Much of Harris’s work failed to break through back home. Instead, she became the target of Republican broadsides about the border crisis and was repeatedly criticized for not visiting the U.S.-Mexico border. "She's dealing with a narrative problem," says Zuniga. With immigration topping the list of Americans’ concerns, according to recent Gallup polls, an ongoing humanitarian crisis at the border, and political deadlock on immigration reform and funding, Harris emerged as the most visible scapegoat.

Read More: Who Could Be Kamala Harris' Running Mate?

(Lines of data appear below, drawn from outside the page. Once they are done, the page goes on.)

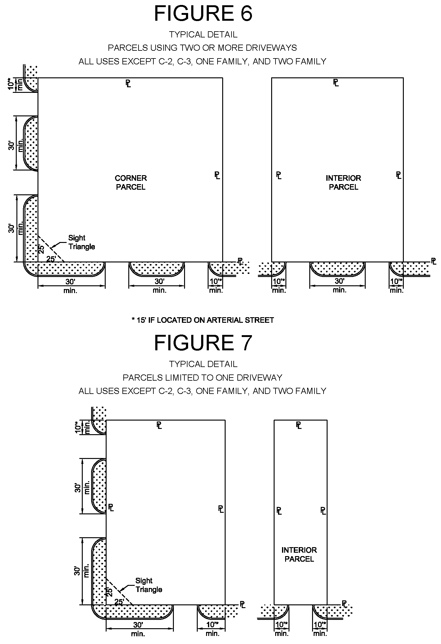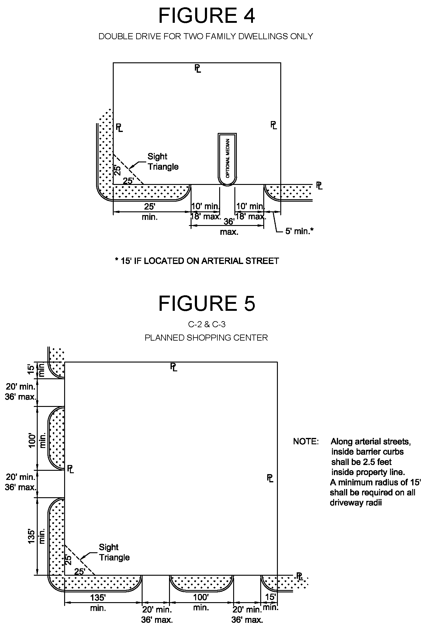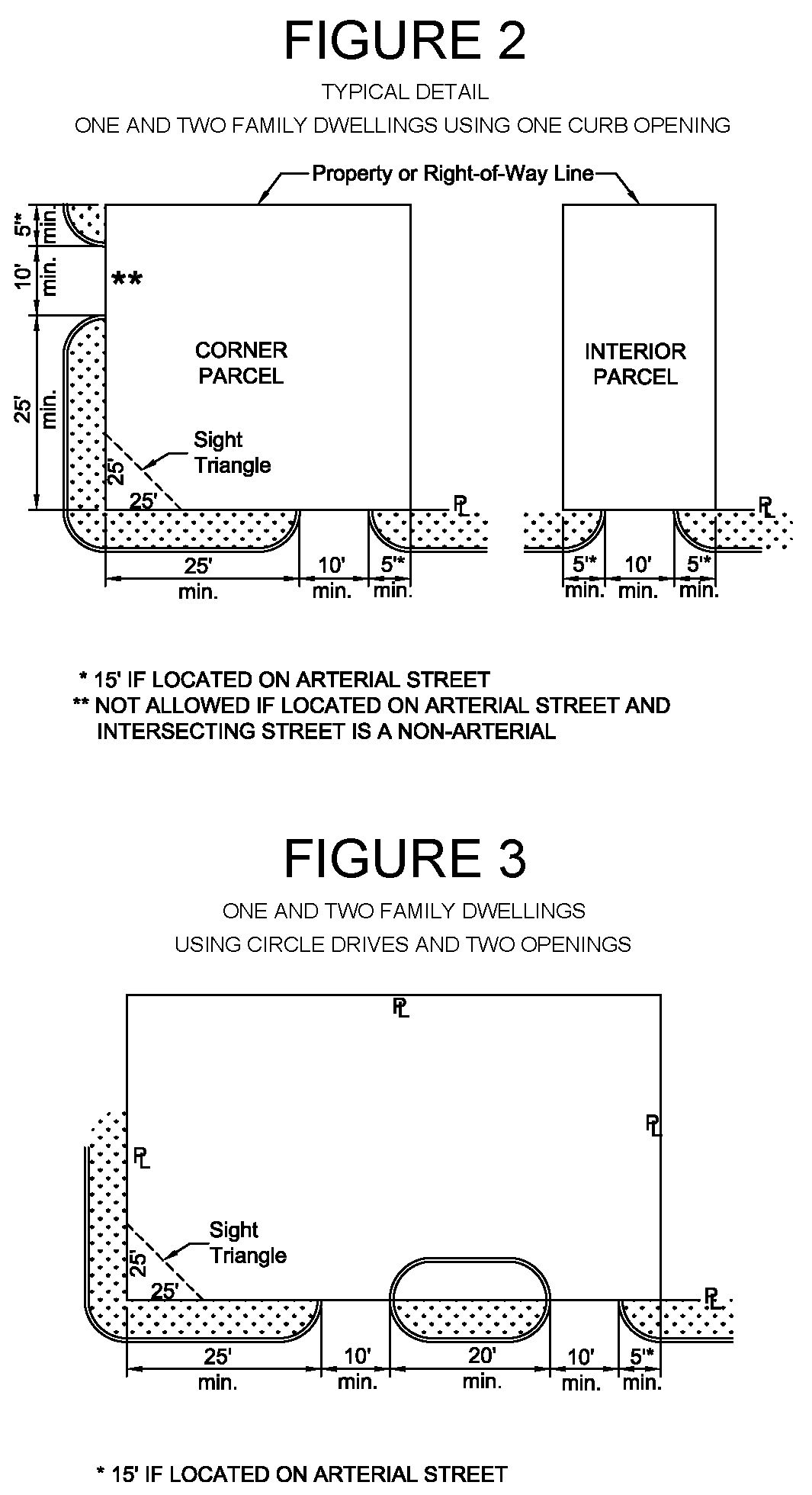 1 Minimums and maximums apply to each driveway measured at the property line with the exception of 1 & 2 family dwellings having frontage of 61′ to 300′. The maximum curb opening widths indicated shall be the maximum combined widths of each curb opening for these frontages.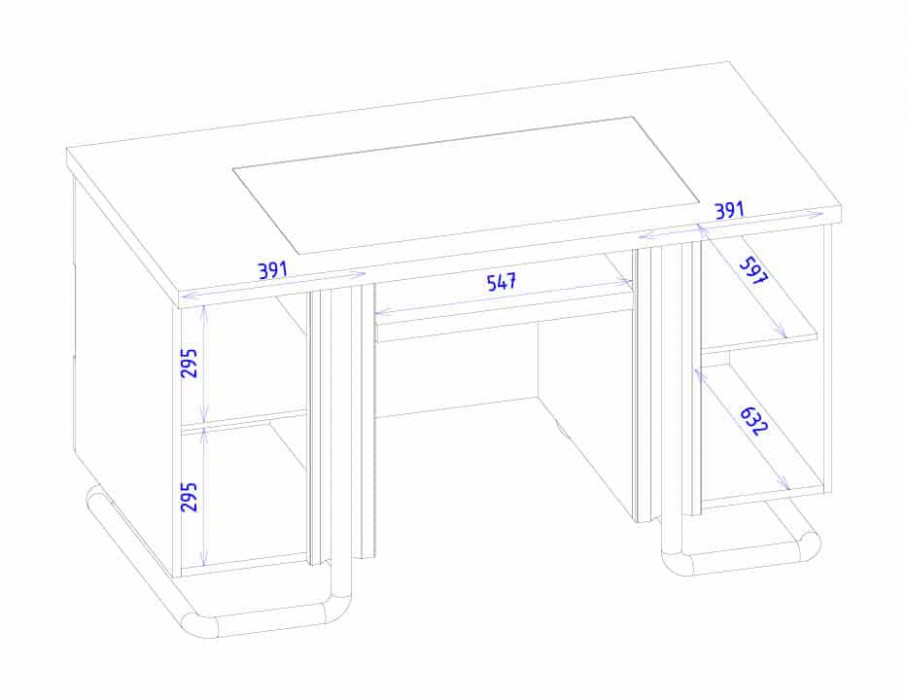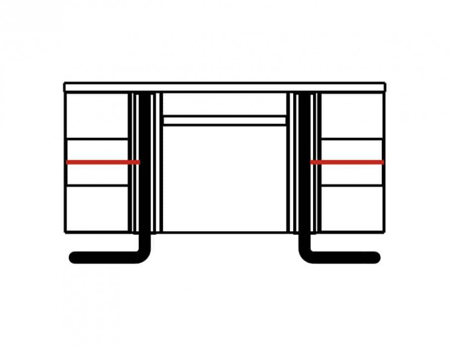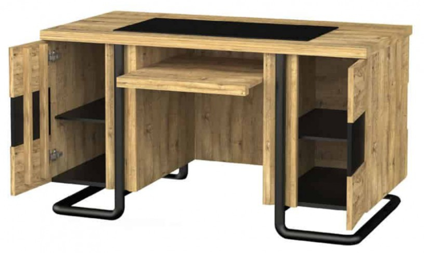 Stůl má po stranách 2 plná dvířka za kterými jsou vloženy 2 lakované police. Pod horní pracovní deskou je pojízdná deska na kovových pojezdech k uložení klávesnice nebo jiné elektroniky.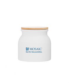 16.9 oz stoneware: matte white out / glossy white in with push-on bamboo lid; Hand wash recommended; Microwave safe with non-metallic imprint; 4 3/16 h x 4 3/16 (w/handle) w ; 500mL.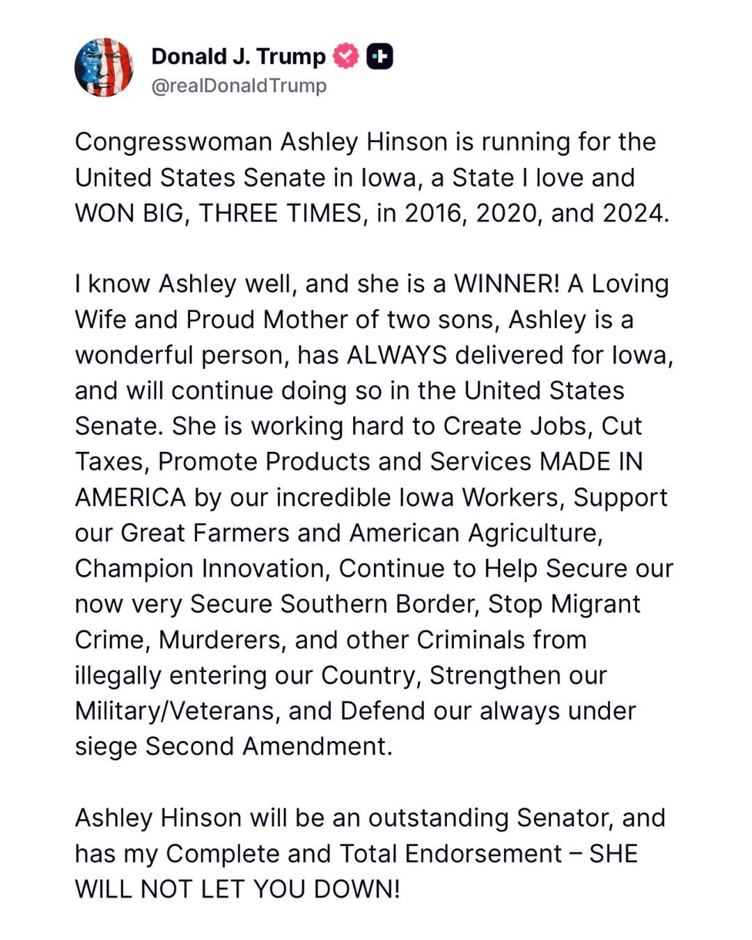 Marion, IA –– Tonight, President Donald J. Trump endorsed Congresswoman Ashley Hinson for Senate. This is a tremendous honor. We are going to keep Iowa RED and keep making America great again. Here’s what he said: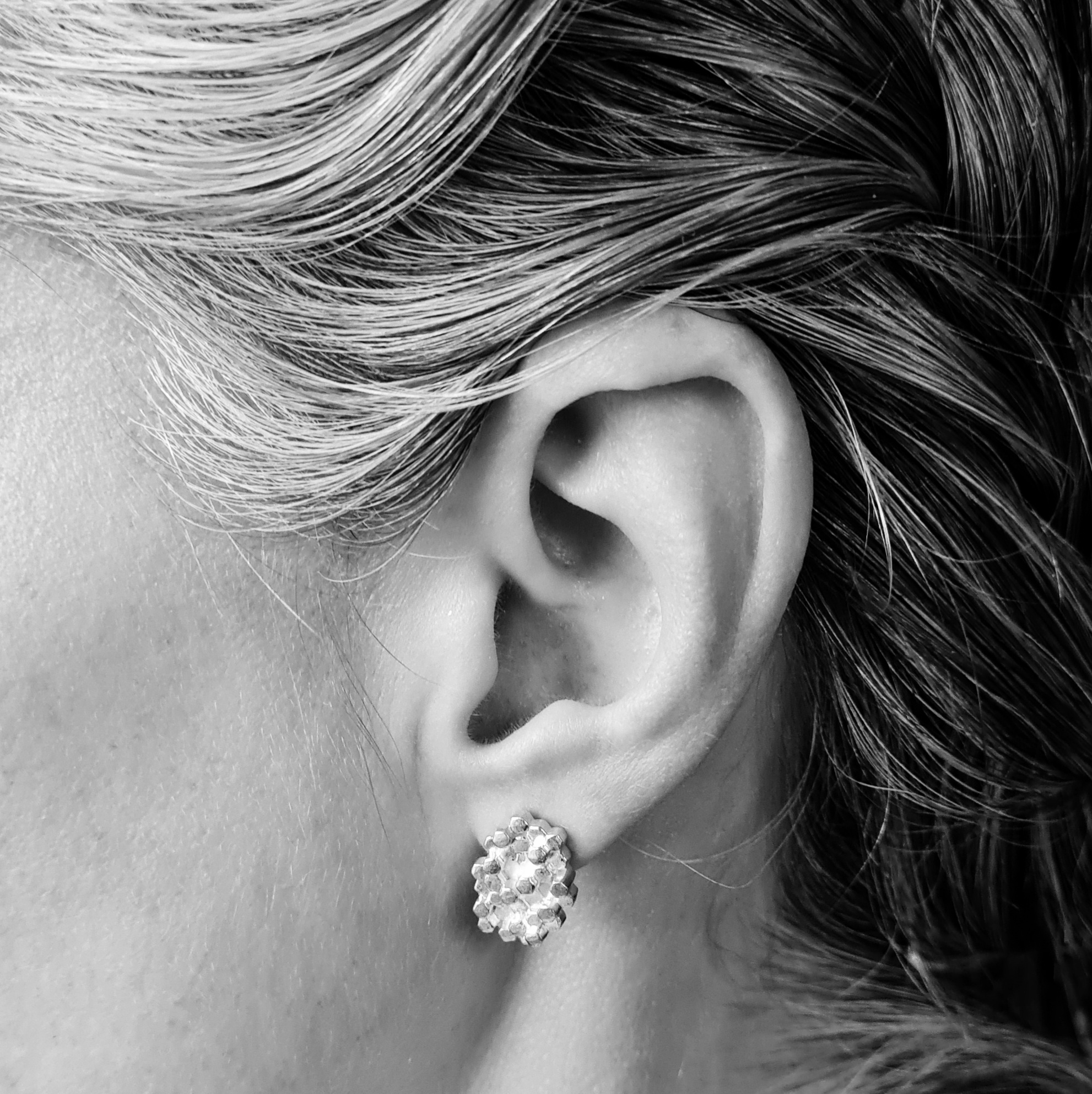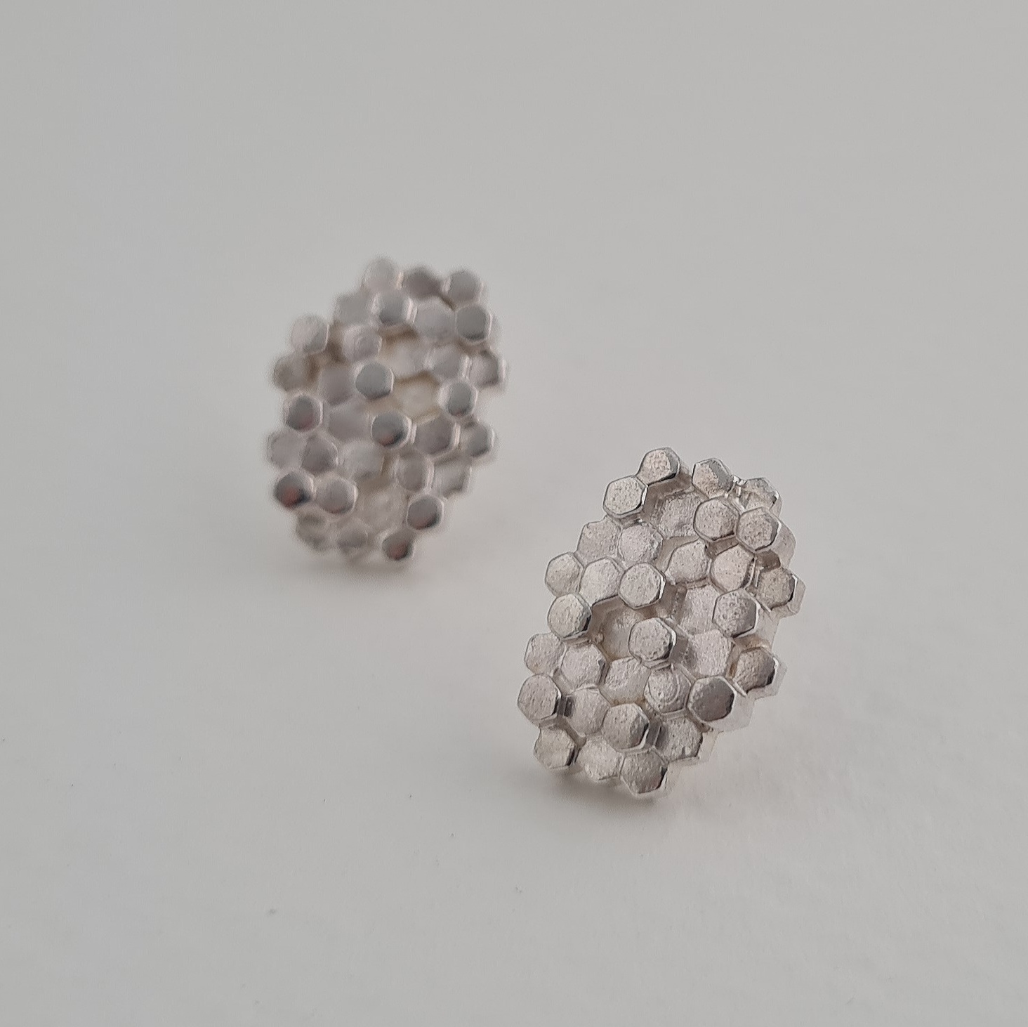 These earrings are based on the basalt rock structures of Staffa as seen from above. The design echoes the hexagonal columns of the island and depicts the sculptural forms found in the rock structures which were created when cooling flows of lava came into contact with the bedrock. The earrings come in luminous satin finish.

As they shift their focus from Biden to Harris, it’s clear that Republicans plan to attack Harris’s role on immigration issues. "The border crisis is a Kamala Harris crisis,” former President Trump's running mate, Ohio Sen. JD Vance, declared at a July 22 rally. A recent National Republican Senatorial Committee memo outlining talking points calls her "the architect of [Biden's] biggest failure." In a post on Truth Social on July 23, Trump said her "incompetence gave us the WORST and MOST DANGEROUS Border anywhere in the World." Texas Gov. Greg Abbott, a Republican, said if Harris is elected, he will "need to triple the border wall, razor wire barriers and National Guard on the border.” 

Harris has a broader record on immigration, including backing a bipartisan border-security deal aimed at reducing border crossings earlier this year. As a Senator, she was an outspoken advocate of legal protections for DACA recipients, made headlines for aggressively questioning Trump immigration officials, and derided the then-President's border wall as a "medieval vanity project.” But it’s clear the “border czar” label has become a political liability. 

Some Harris allies have expressed frustration with Biden for putting her in this position. In doing so, he was repeating a familiar pattern—it was a portfolio Biden himself was given as Vice President. In 2014, when a surge in children and families from Central America overwhelmed the U.S. immigration system, then-President Barack Obama tasked him with leading the international response to the crisis. "The solution to this problem is to address the root causes of this immigration in the first place," Biden said on a trip to Guatemala City that summer. "Especially poverty, insecurity and the lack of the rule of law.”

Seven years later, little had changed when Harris gave the same speech, in the same place. Politically, "the problem is that no one cares about the root causes," says Chisthi. "It's too abstract. And frankly, very little can be done about them in the short run, while the public is focused on what is happening with the border today."